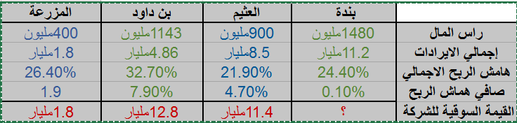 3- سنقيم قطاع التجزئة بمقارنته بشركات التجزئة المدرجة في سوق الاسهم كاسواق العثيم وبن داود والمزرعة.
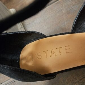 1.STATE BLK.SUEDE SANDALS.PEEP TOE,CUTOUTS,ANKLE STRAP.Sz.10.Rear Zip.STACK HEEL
=-=-=-=-=
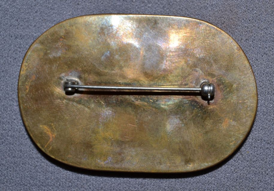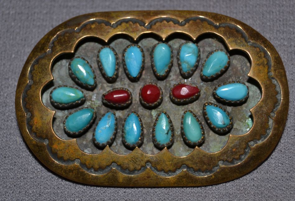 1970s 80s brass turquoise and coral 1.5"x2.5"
=-=-=-=-=
__PROBLEM TO WORK ON__. The reply should hold the entries above from the line with "3- سنقيم قطاع" to the line with "1.STATE BLK.SUEDE SANDALS.PEEP", duplicated exactly, pictures excluded.

__WRITTEN ANSWER__.
 3- سنقيم قطاع التجزئة بمقارنته بشركات التجزئة المدرجة في سوق الاسهم كاسواق العثيم وبن داود والمزرعة.
 1.STATE BLK.SUEDE SANDALS.PEEP TOE,CUTOUTS,ANKLE STRAP.Sz.10.Rear Zip.STACK HEEL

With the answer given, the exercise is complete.